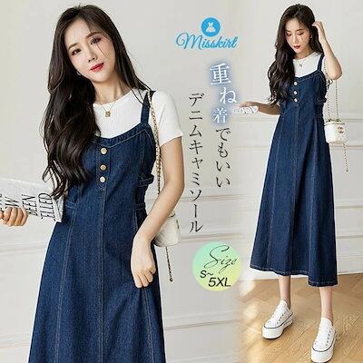 一部サロペット ワンピース デニム デニムワンピース ジャンパースカート レディース サロペットワンピ ロングワンピース キャミソール ワンピース ゆったり 体型カバー 春 夏 秋 冬 オールインワ
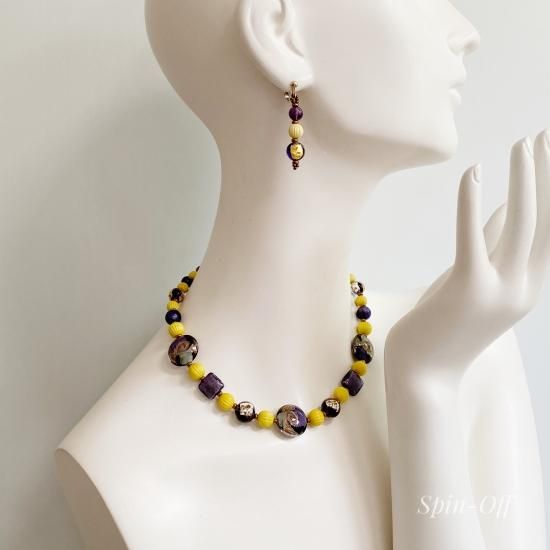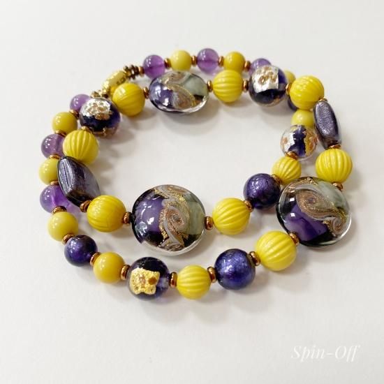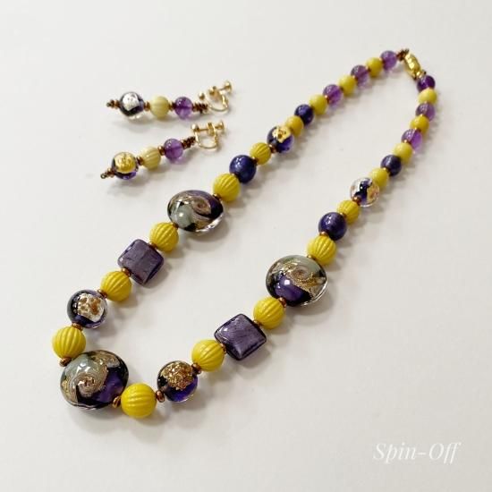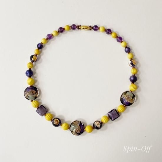 和のイメージを基にデザインされたネックレスは、ヴェネチアンビーズとアメジストが美しく融合しています。
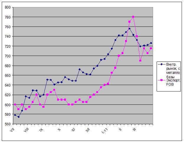 Судя по всему, китайские горячекатаные рулоны в обозримом будущем не опустятся ниже $700 за т FOB, а значит, эта продукция не будет более конкурентоспособной на европейском и ближневосточном рынках, чем горячий прокат из СНГ. Правда, европейские металлурги могут столкнуться с усилением конкуренции со стороны китайских поставщиков холоднокатаных рулонов и оцинкованной стали. В частности, китайская оцинковка Z140 толщиной
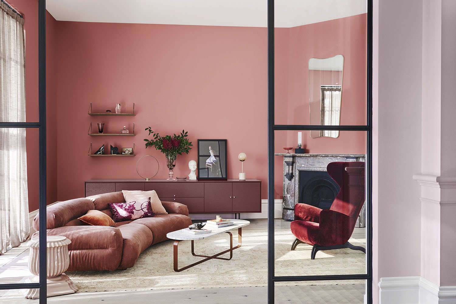 Пыльно розовый цвет стен в интерьере
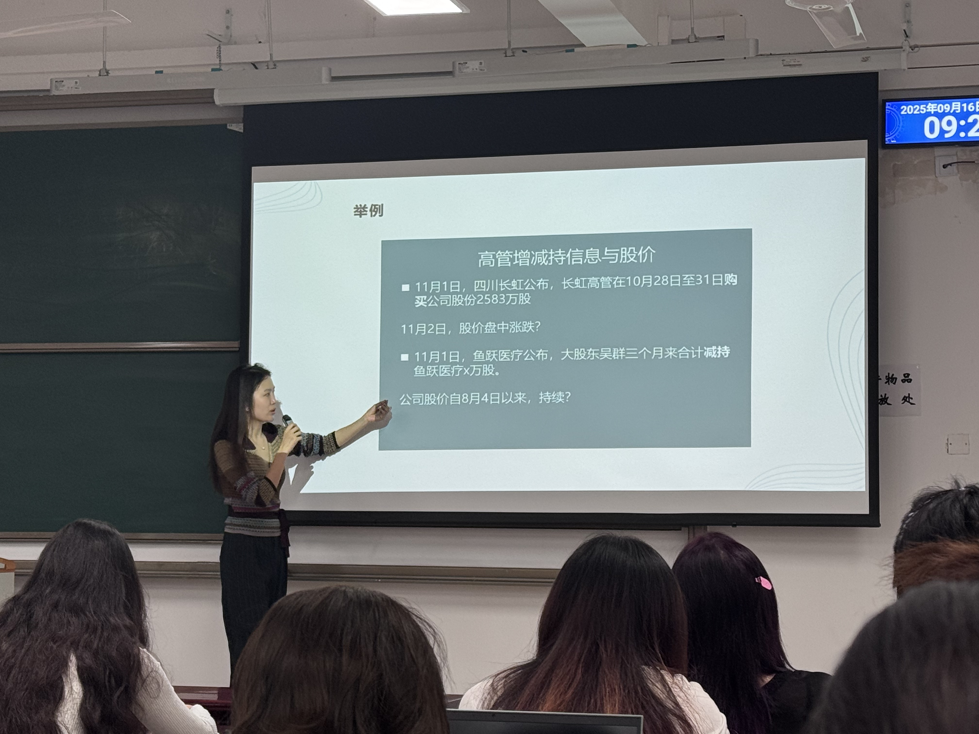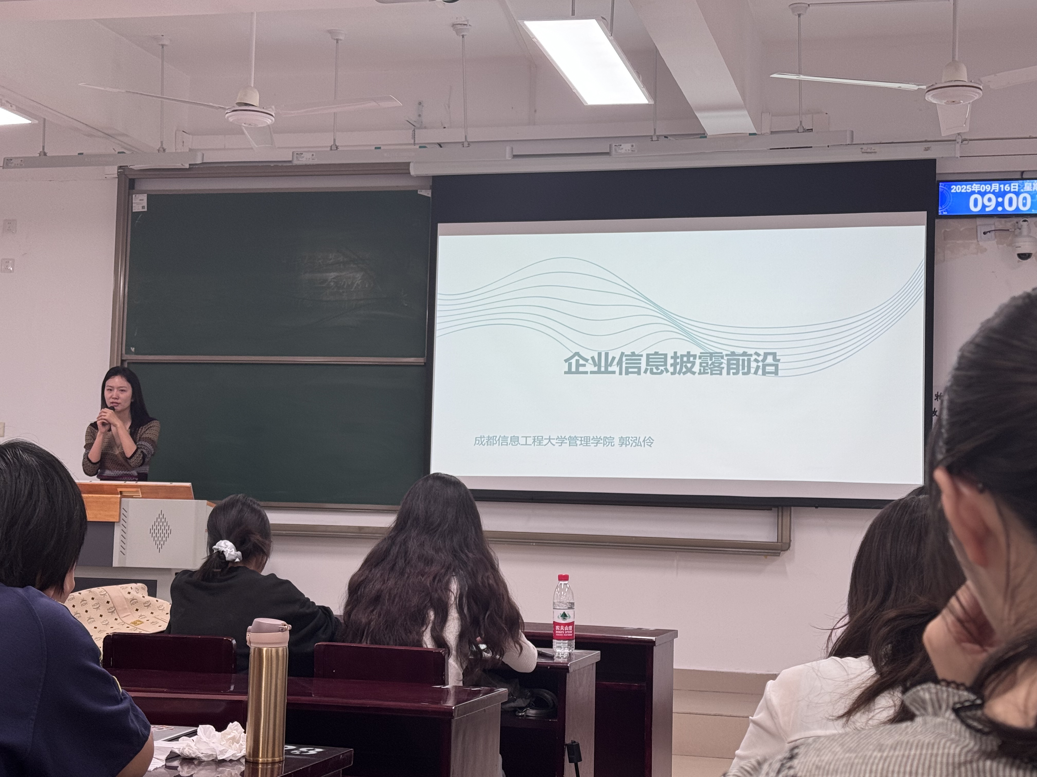 9月16日上午,在L2502教室,英国威廉集团财务与会计系副主任郭泓伶博士以“企业信息披露前沿”为主题为2025级硕士研究生学子进行了专题讲座。
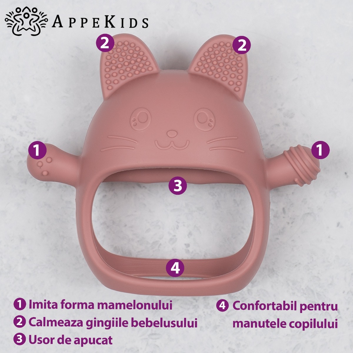Jucarie pentru dentitie din silicon, Old Rose, Manusa Kitty, 3 luni+, Appekids [5941944276029]

* **Exercise details**: Can the lines from the start of the records through the line with "9月16日上午,在L2502" be given again exactly, with the pictures left out?

* **Task result**:
 一部サロペット ワンピース デニム デニムワンピース ジャンパースカート レディース サロペットワンピ ロングワンピース キャミソール ワンピース ゆったり 体型カバー 春 夏 秋 冬 オールインワ
 和のイメージを基にデザインされたネックレスは、ヴェネチアンビーズとアメジストが美しく融合しています。
 Судя по всему, китайские горячекатаные рулоны в обозримом будущем не опустятся ниже $700 за т FOB, а значит, эта продукция не будет более конкурентоспособной на европейском и ближневосточном рынках, чем горячий прокат из СНГ. Правда, европейские металлурги могут столкнуться с усилением конкуренции со стороны китайских поставщиков холоднокатаных рулонов и оцинкованной стали. В частности, китайская оцинковка Z140 толщиной
 Пыльно розовый цвет стен в интерьере
 9月16日上午,在L2502教室,英国威廉集团财务与会计系副主任郭泓伶博士以“企业信息披露前沿”为主题为2025级硕士研究生学子进行了专题讲座。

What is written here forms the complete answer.